Banking in Latin America (LatAm) is too often the preserve of those who can afford it or are willing to trust it. Historical hyperinflation, economic volatility and poor credit infrastructure means banks often overprice risk. To compensate, charges and interest rates can be high, pushing millions of potential clients out of the market.

Indeed, according to World Bank figures, two in every five Latin American workers have no bank or savings account.1 Of the unbanked in Brazil, Colombia and Peru, nearly 60% say excessive cost is the reason why they have no accounts. 

As mobile money operators have had far less impact than in underbanked areas of Africa, few Latin Americans have their wages paid electronically and many have to pay in cash for goods they buy online.

Cost and competition

This untapped market has attracted entrepreneurs and venture capitalists hoping to make a strong return on financial inclusion, helping customers manage their money better through lowcost, mobile financial products. 

Respondents from LatAm to The Economist Intelligence Unit’s global retail banking survey have their concerns about this new source of competition. With e-commerce growing fast, partnerships between the tech giants and fintechs rank second (cited by 31% for the 2020 time horizon) to payment players (44% for 2020) as the biggest, immediate non-traditional competitive threat to their business. 

It is not just transactional businesses such as payment processing that are feeling the heat. Other product lines are also under competitive pressure. According to the survey, 30% of LatAm respondents expect new entrants to gain market share in retail lending and leasing, higher than the global average (22%). Nearly seven in ten (68%) also expect peer-to-peer lending to be available on banking platforms by 2025.

According to trade association LAVCA, the fintech sector attracted 25% of the US$2bn of venture capital invested in LatAm last year.

“An inclusive economy, empowerment and wide digitisation have made the market propitious to any new digital financial initiative, making it a great business opportunity, especially for the new 100% digital banks,” says Jeferson Garcia Honorato, director of Next, the app-based bank from Bradesco, one of Brazil’s largest incumbents. “The emergence of digital banking in recent years is directly linked to a cycle of opportunities and demands generated by the hyper-connected audience.”  

The market is substantial: Mr Garcia Honorato says there are 60m potential digital banking customers aged between 18 and 35 in Brazil alone. 

A new model

Politicians and regulators are taking action to make the banking system more competitive, and tackle the high cost of credit and transaction charges. The Brazilian central bank Banco Central do Brasil, for example, has introduced legislation on card fees in 2018.

The Conselho Administrativo de Defesa Econômica, the country’s competition authority, is also clamping down on poor practices that stifle the ability of competitors to offer new services at lower prices. 

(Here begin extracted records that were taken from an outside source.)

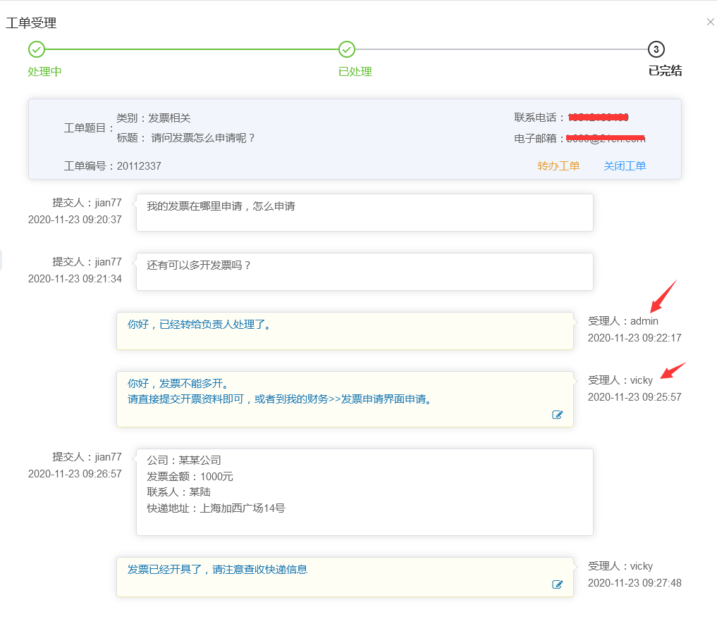 2、支持邮件,手机短信催办受理人,回复后邮件通知用户。
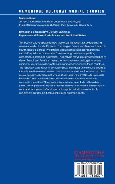 This book provides a powerful theoretical framework for understanding cross-national cultural differences. Focusing on France and America, it analyses how the people of these two different cultures mobilise national 'repertoires of evaluation' to make judgements about politics, economics, morals and aesthetics. The analysis draws on eight case studies by eleven French and American researchers who have worked together over a number of years to develop systematic comparisons between these countries. The topics are wide-ranging, comparing how individuals use the cultural tools at their disposal to answer questions such as: are races equal? What constitutes sexual harassment? What is the value of contemporary art? Should journalists be neutral? How can the defense of the environment be reconciled with economic imperatives? Moving beyond simplistic essentialist models of national character, this comparative approach offers important insights that will interest not only sociologists but also political scientists and anthropologists.
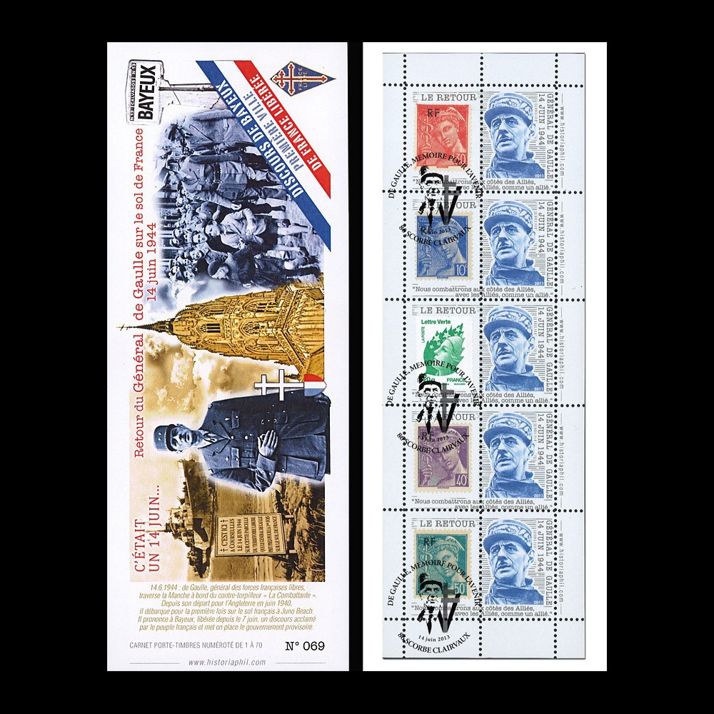 N°DG13-4T4 : Carnet porte-timbres privé "14.06.1944-2013 : 69e anniversaire du retour du Général DE GAULLE sur le sol de France : 'Nous combattrons aux côtés des Alliés, avec les Alliés, comme un Allié' - Discours de Bayeux (France), Première ville de France libérée - Seconde Guerre Mondiale 1939-45 / 14.06.2013 : Inauguration du Lieu d'Information et d'Exposition permanente 'DE GAULLE, Mémoire pour l'Avenir' à Scorbé-Clairvaux (France)" (TYPE 4) 2013 :
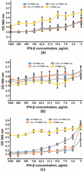 In order to find the appropriate cell line for IFN-β antiproliferative assay, three cell lines, HT29, SKOV-3 and BT474, were tested. After four days of cultivation with serial dilutions of IFN-β and PBMC, the viabilities of the cells were determined using an MTT test. Neither interferon nor PBMC had any impact on BT474 cells (Figure 13b). A more pronounced antiproliferative effect of IFNβ was observed for SKOV-3 cells (Figure 13a); however, the addition of PBMC decreased the slope of the curve and the maximum OD value so that the detection of the growth inhibition effect could be problematic. No significant antiproliferative effect mediated by IFN-β was observed for HT29 cells; nevertheless, the combination of interferon and PBMCs greatly decreased HT29 cell growth. The viability of HT29 cells cultivated without interferon did not change substantially with the addition of 25,000 cells (0.25 × 106 PBMC/mL) or 50,000 cells (0.5 × 106PBMC/mL) per well but decreased by at least 50% when 100,000 PMBCs were added (106 PBMC/mL) (Figure 13c). That is why 100,000 PMBCs/well were unsuitable for further antibody IC measurement. It should be noted that interferon dilutions for the remaining two curves decreased more for 0.5 × 106 PBMC/mL than for 0.25 × 106 PBMC/mL. The maximum antiproliferative effect for 0.5 × 106 PBMC/mL was observed at 15.62 pg/mL of IFN-β and did not change significantly at higher IFN-β concentrations.
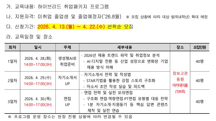 2026년 대학일자리플러스센터사업 '하이브리드 취업 패키지' 특강 참여자 모집 안내
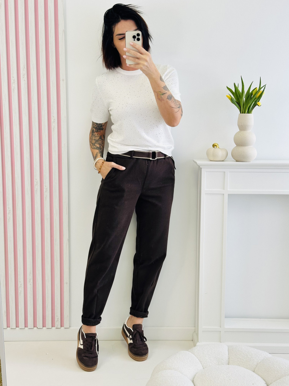 Stylowy sweter z krótkim rękawem to elegancka propozycja dla kobiet ceniących subtelny blask. Przód ozdobiony jest połyskującymi kryształkami, które dodają mu wyjątkowego uroku i klasy. Wykonany z przyjemnego w dotyku materiału, zapewnia komfort i doskonale sprawdzi się zarówno na co dzień, jak i na wyjątkowe okazje.
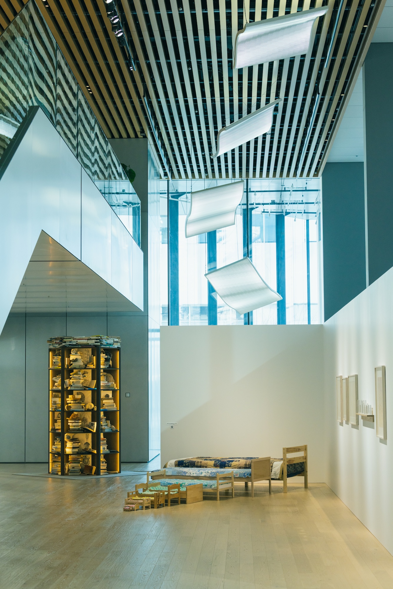 地層は、生物の生態や自然環境の情報が刻み込まれた「歴史書のようなもの」という例えから着想を得て、「Shiseido Beauty Park」2階の床から3階の床下まで連なる本棚に、約500冊の本と、そのあいだに鉱石や化石を配置し、生物の誕生から人新世までの時と知の連なりを表す。
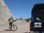 The Tale of the second ride. I was now headed from an elevation of about 3500 feet to ride to the top of the second bell at 6200 feet. Route 78 was relatively smooth but had narrow to nonexistent shoulders. Fortunately I encounter the least traffic on the trip so far. It appears no vehicles like climbing this pass. I pedaled along slogging my way up the switch backs in low gear on the KH 36, thinking may I should try the Schlumpf 29. My crew and I leapfrogged up the hill. I pedaled and she played paparazzi. With about 500 more feet of elevation to climb, I wimped out and finished the climb on the 29” in low gear.
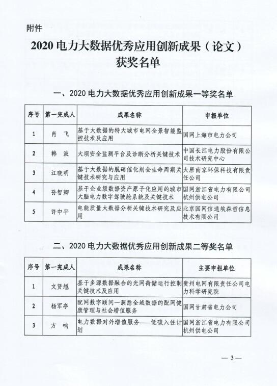 附件:2020電力大數(shù)據(jù)優(yōu)秀應(yīng)用創(chuàng)新成果(論文)獲獎(jiǎng)名單
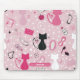 Mid Century Pink Heart Cats Mouse Mat
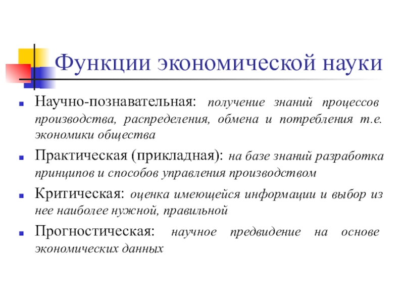 Функции экономической наукиНаучно-познавательная: получение знаний процессов производства, распределения, обмена и потребления т.е. экономики обществаПрактическая (прикладная): на базе
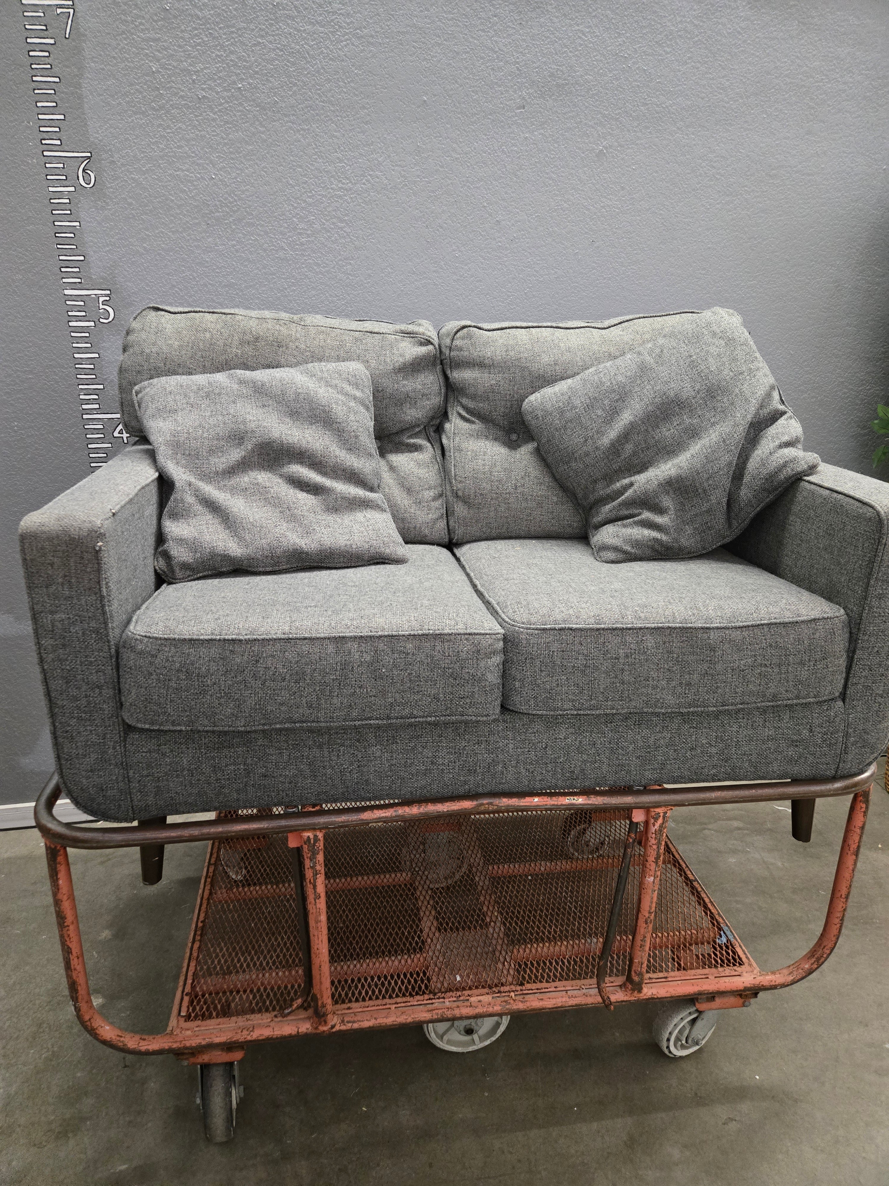 This stylish loveseat features a sleek gray fabric with a smooth finish, perfect for modern living room spaces. Comfortable cushioning and supportive armrests make it a versatile addition to any home. Approximate Size: 2.5 x 4.5 x 2.5
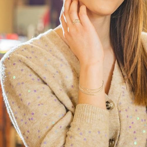 The Uonguon Ring and Bracelet Set offers a stunning, elegant look with its three-layer hollow cuff design. This set is perfect for adding a touch of sophistication to your outfit at proms or weddings.
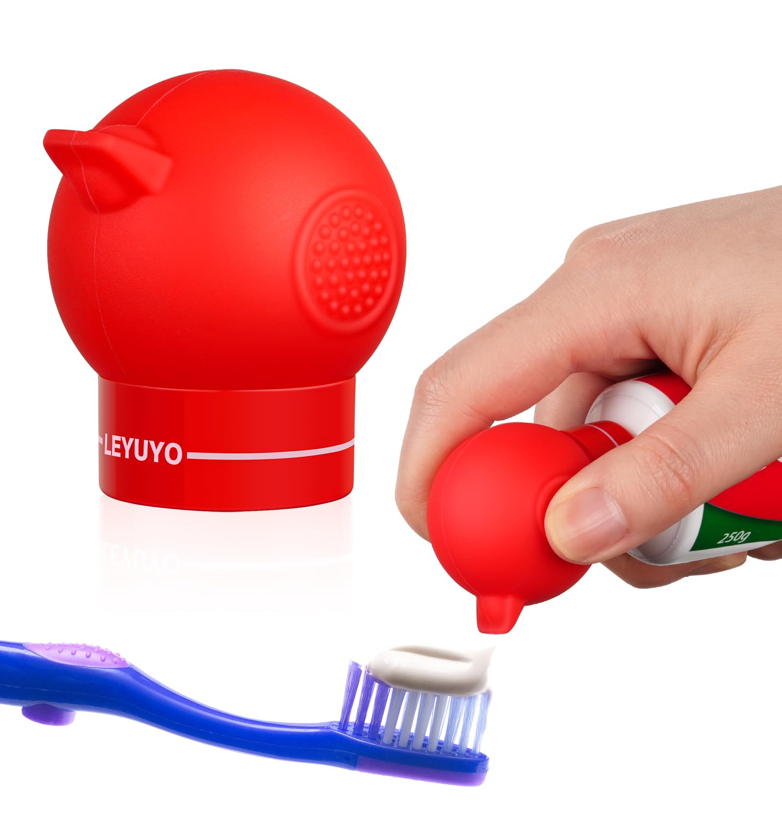 Chrome Cherry SqueezMe – Tapones de pasta de dientes con cierre automático, tapa de silicona para niños y adultos, dispensador de

Challengers, such as Mexican neo-bank albo, think traditional banks may struggle to adapt to models with no or very low charges for retail transactions.

“Fifty percent of bank revenues come from fees, so this is huge,” says Ángel Sahagún, albo’s founder. He also believes that banks will find it hard to price new competitors out of the market and remain profitable in the long term.

“The innovation is not only the front, the app and user interface. At albo, we have a completely different cost structure, with no branches and without thousands of staff. The banks also have a different mindset and approach to innovation and risk,” he says. 

As competition and regulatory initiatives erode their margins, banks are focusing their efforts on stripping out unnecessary costs (cited as a priority by 35% for both 2020 and 2025). Other immediate concerns include migrating existing clients to digital channels (39%) and humanising the customer experience (38%). Priorities for the medium term are mastering digital marketing and engagement (32%) and launching an open banking strategy (29%). 

As a result, banks are having to invest significantly in new technologies (cited by 40% for 2020 and 42% for 2025), an action that outranks changing customer behaviour (36% for 2020, 29% for 2025) as the trend with the biggest impact on retail banks currently and over the next five years. 

Digital synergies

Bradesco has sought to develop synergies between its existing operations and Next, its standalone digital app.

“The starting point was to create a new way of designing solutions, changing the mindset, that was focused on products, to journeys,” says Mr Garcia Honorato. “We created new agile work methods, new operational processes, DevSecOps [merging software development, security and operations] and new technology solutions to support the rising of a new concept of financial experience.” 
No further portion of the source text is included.